BEGIN RECORDS FOR PROCESSING
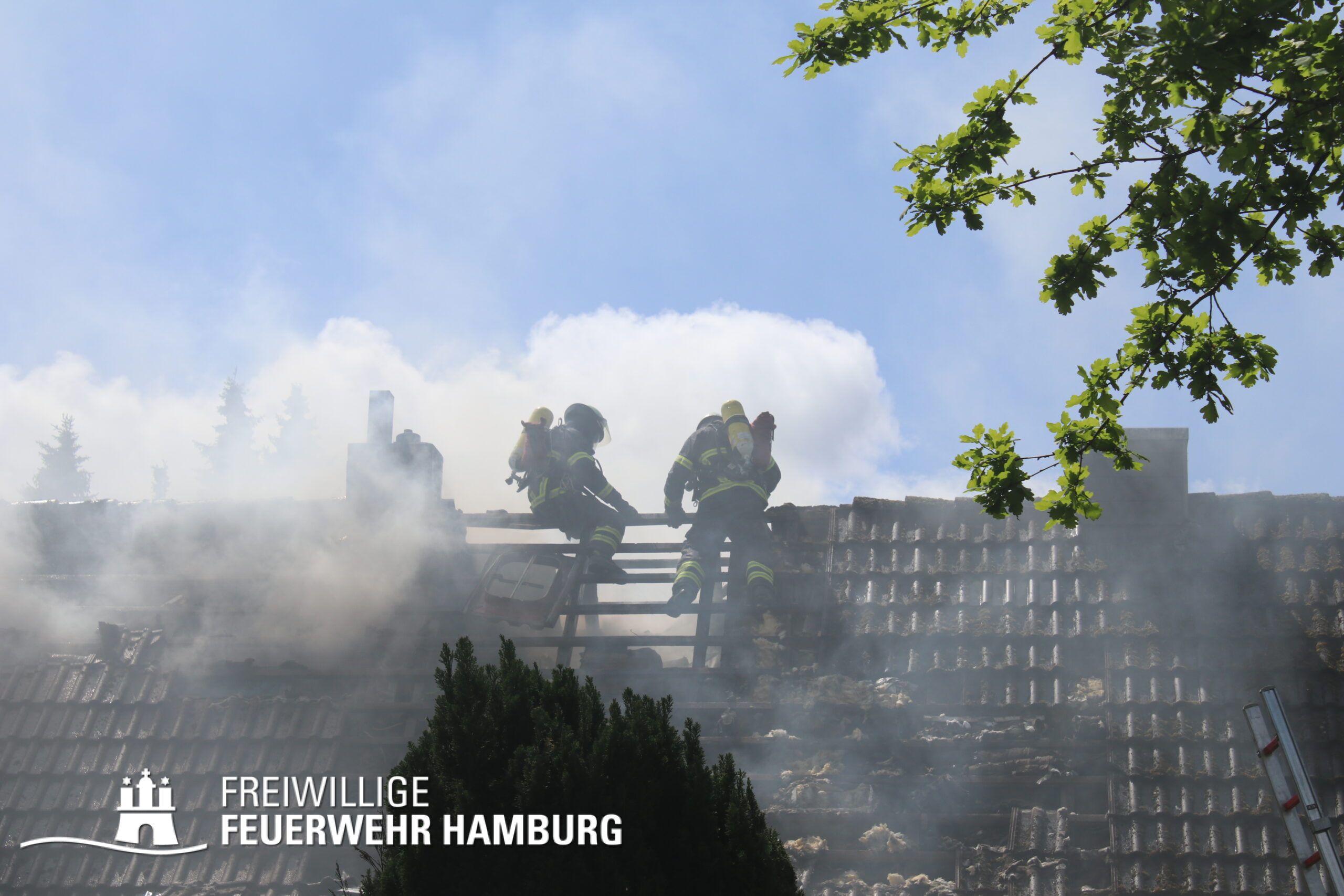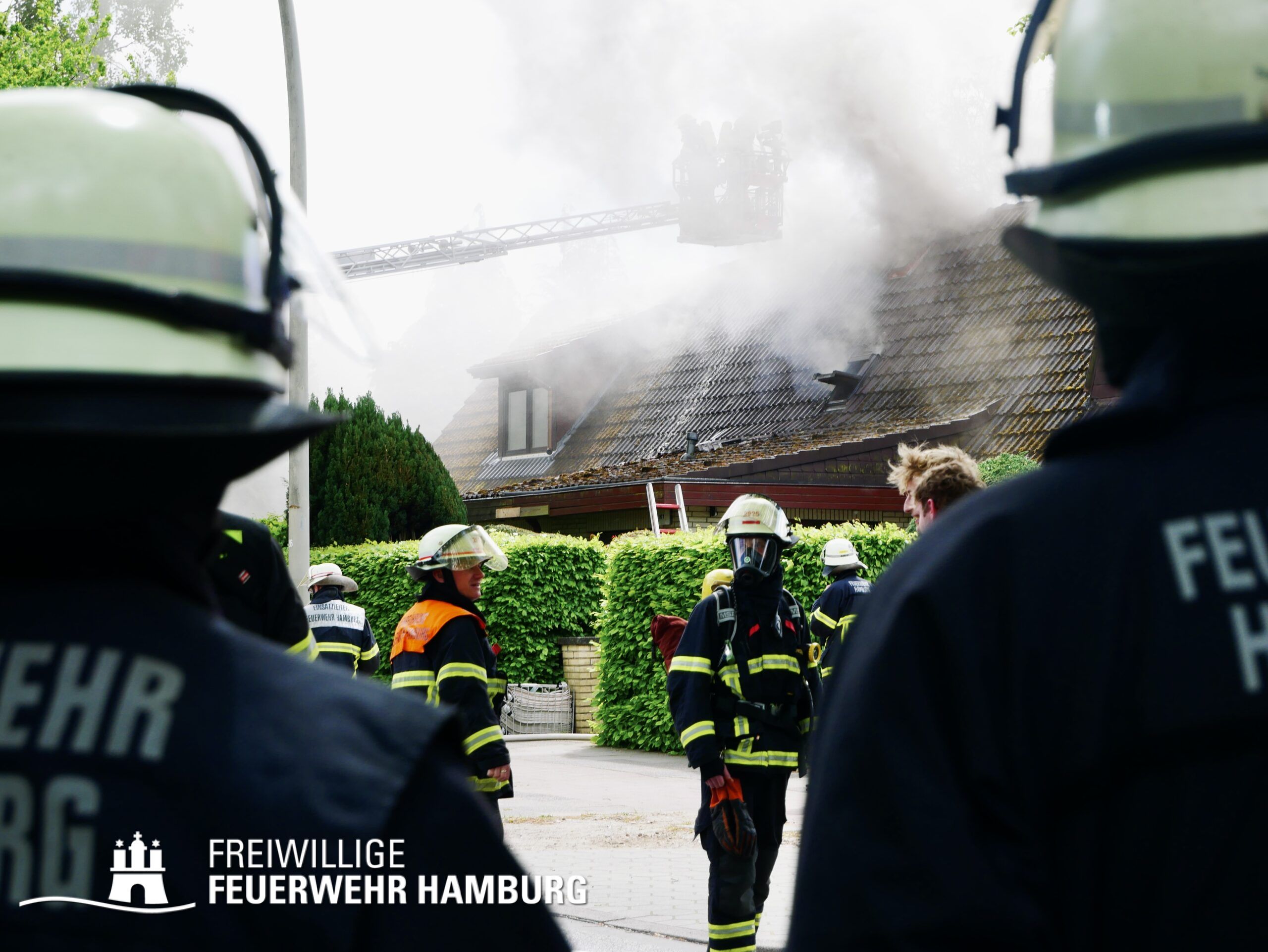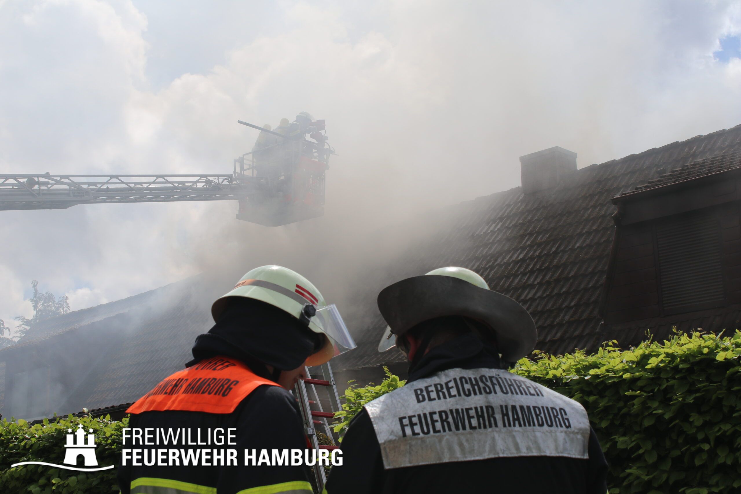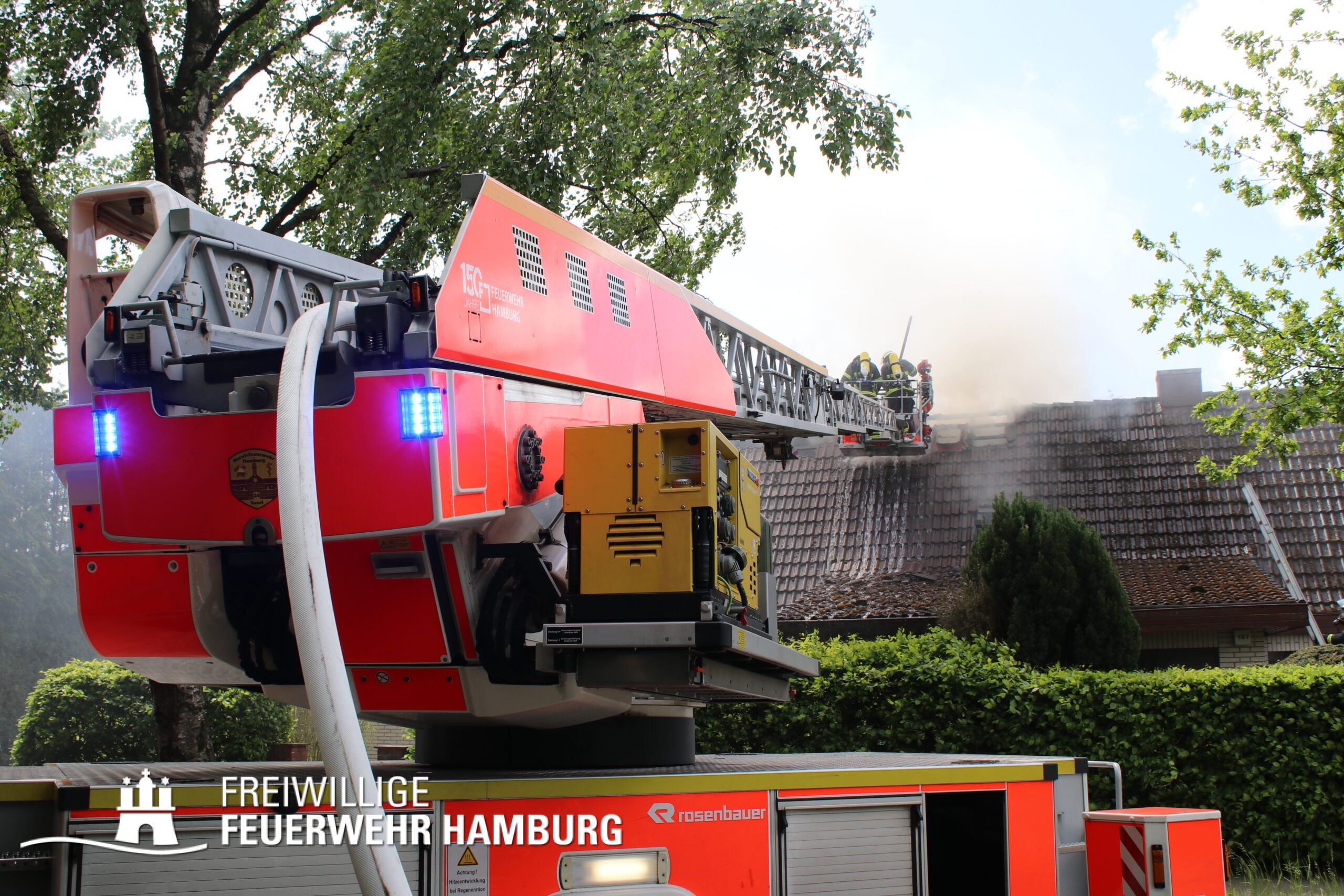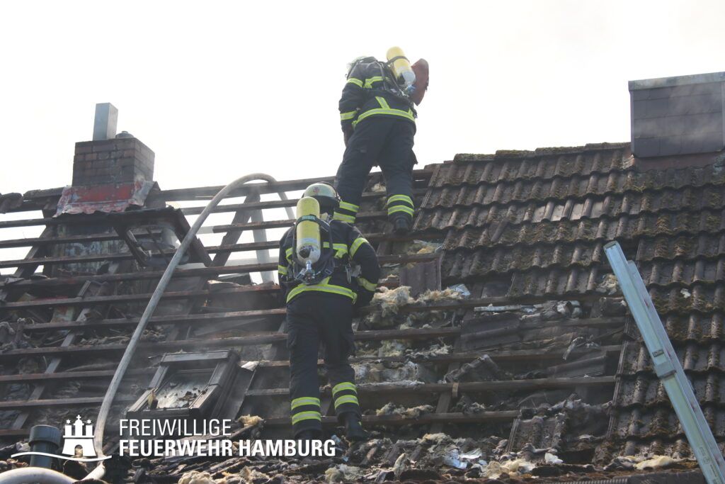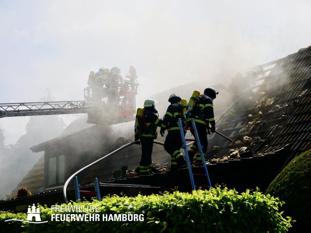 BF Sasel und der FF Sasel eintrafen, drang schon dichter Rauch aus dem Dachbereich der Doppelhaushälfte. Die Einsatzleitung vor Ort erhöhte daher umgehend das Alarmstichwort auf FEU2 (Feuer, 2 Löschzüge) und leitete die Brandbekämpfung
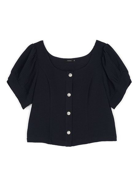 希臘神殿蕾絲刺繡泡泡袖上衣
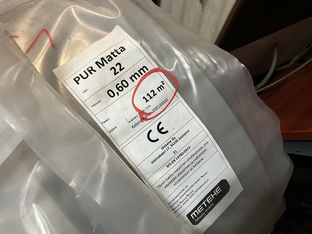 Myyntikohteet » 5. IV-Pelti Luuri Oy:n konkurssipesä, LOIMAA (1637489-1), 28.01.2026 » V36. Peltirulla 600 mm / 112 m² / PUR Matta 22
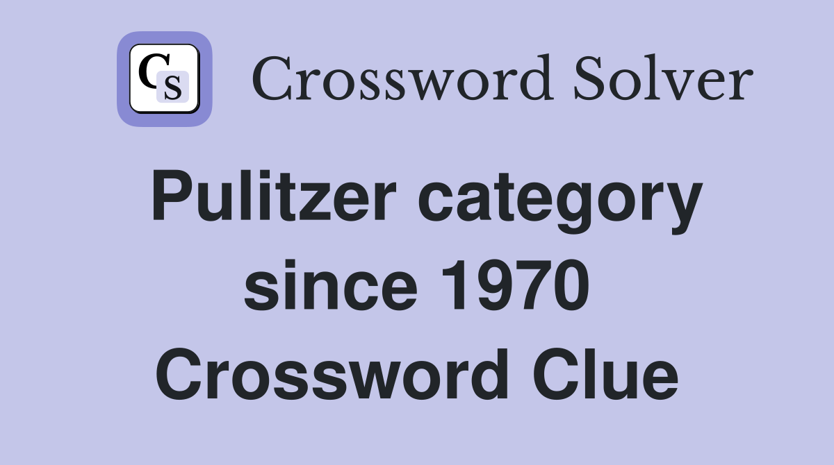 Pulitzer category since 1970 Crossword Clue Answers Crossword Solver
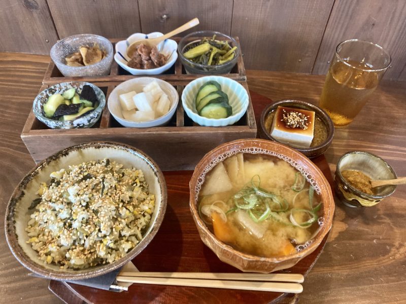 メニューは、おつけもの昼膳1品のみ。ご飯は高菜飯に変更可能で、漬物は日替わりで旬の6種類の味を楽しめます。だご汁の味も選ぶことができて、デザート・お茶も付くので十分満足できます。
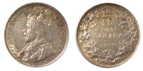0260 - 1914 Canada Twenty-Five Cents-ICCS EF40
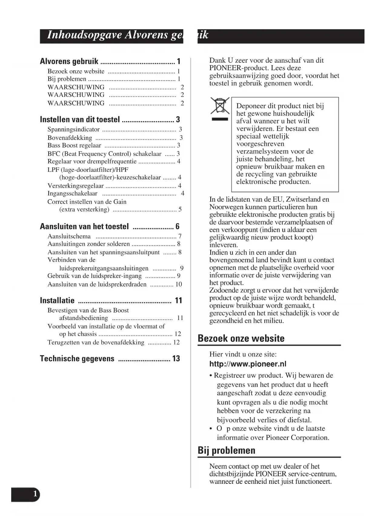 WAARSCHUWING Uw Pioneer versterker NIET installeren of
END RECORDS FOR PROCESSING
WORK ITEM:
In this exercise, set down all of the data exactly, without the pictures.

EXPECTED OUTPUT:
 BF Sasel und der FF Sasel eintrafen, drang schon dichter Rauch aus dem Dachbereich der Doppelhaushälfte. Die Einsatzleitung vor Ort erhöhte daher umgehend das Alarmstichwort auf FEU2 (Feuer, 2 Löschzüge) und leitete die Brandbekämpfung
 希臘神殿蕾絲刺繡泡泡袖上衣
 Myyntikohteet » 5. IV-Pelti Luuri Oy:n konkurssipesä, LOIMAA (1637489-1), 28.01.2026 » V36. Peltirulla 600 mm / 112 m² / PUR Matta 22
 Pulitzer category since 1970 Crossword Clue Answers Crossword Solver
 メニューは、おつけもの昼膳1品のみ。ご飯は高菜飯に変更可能で、漬物は日替わりで旬の6種類の味を楽しめます。だご汁の味も選ぶことができて、デザート・お茶も付くので十分満足できます。
0260 - 1914 Canada Twenty-Five Cents-ICCS EF40
 WAARSCHUWING Uw Pioneer versterker NIET installeren of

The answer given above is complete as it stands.